- **Task instructions**: Leave the pictures out, and transcribe the material below exactly from the line with "in ext (parallel)" to the line with "Ein schwarzes Jaguar-Katzenportrait", both lines included.

- **Recorded data**:

·····

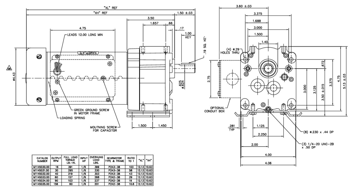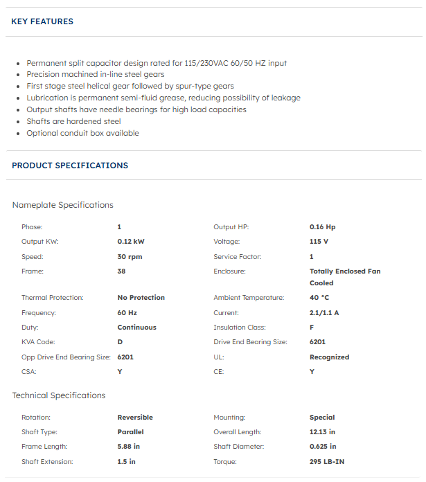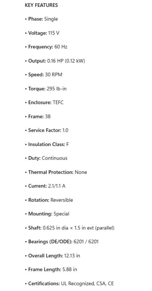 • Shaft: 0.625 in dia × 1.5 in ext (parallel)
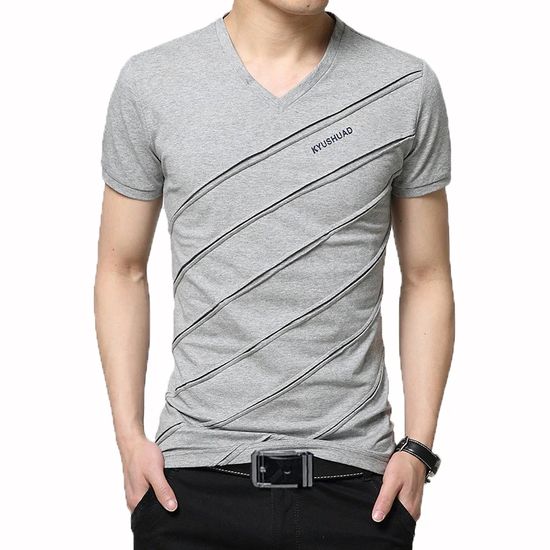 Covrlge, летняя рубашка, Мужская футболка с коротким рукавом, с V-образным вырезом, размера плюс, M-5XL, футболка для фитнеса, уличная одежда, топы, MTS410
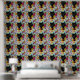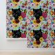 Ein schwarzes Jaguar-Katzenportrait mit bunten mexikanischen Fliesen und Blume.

·····

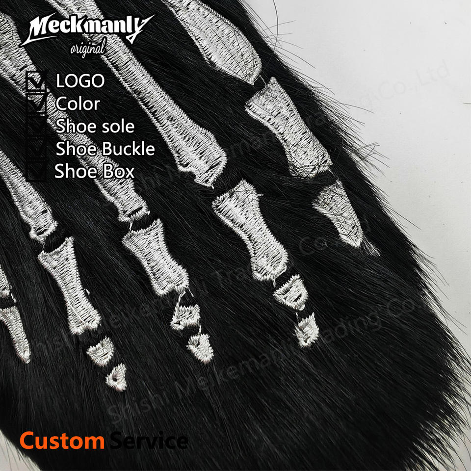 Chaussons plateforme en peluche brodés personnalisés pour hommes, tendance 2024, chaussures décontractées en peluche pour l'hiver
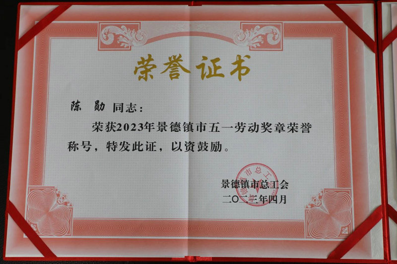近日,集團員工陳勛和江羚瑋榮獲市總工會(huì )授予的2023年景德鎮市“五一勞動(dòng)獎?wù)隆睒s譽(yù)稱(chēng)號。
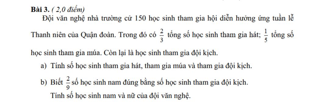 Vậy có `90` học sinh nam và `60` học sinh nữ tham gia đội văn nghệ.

·····

- **Answer to this problem**:
 • Shaft: 0.625 in dia × 1.5 in ext (parallel)
 Covrlge, летняя рубашка, Мужская футболка с коротким рукавом, с V-образным вырезом, размера плюс, M-5XL, футболка для фитнеса, уличная одежда, топы, MTS410
 Ein schwarzes Jaguar-Katzenportrait mit bunten mexikanischen Fliesen und Blume.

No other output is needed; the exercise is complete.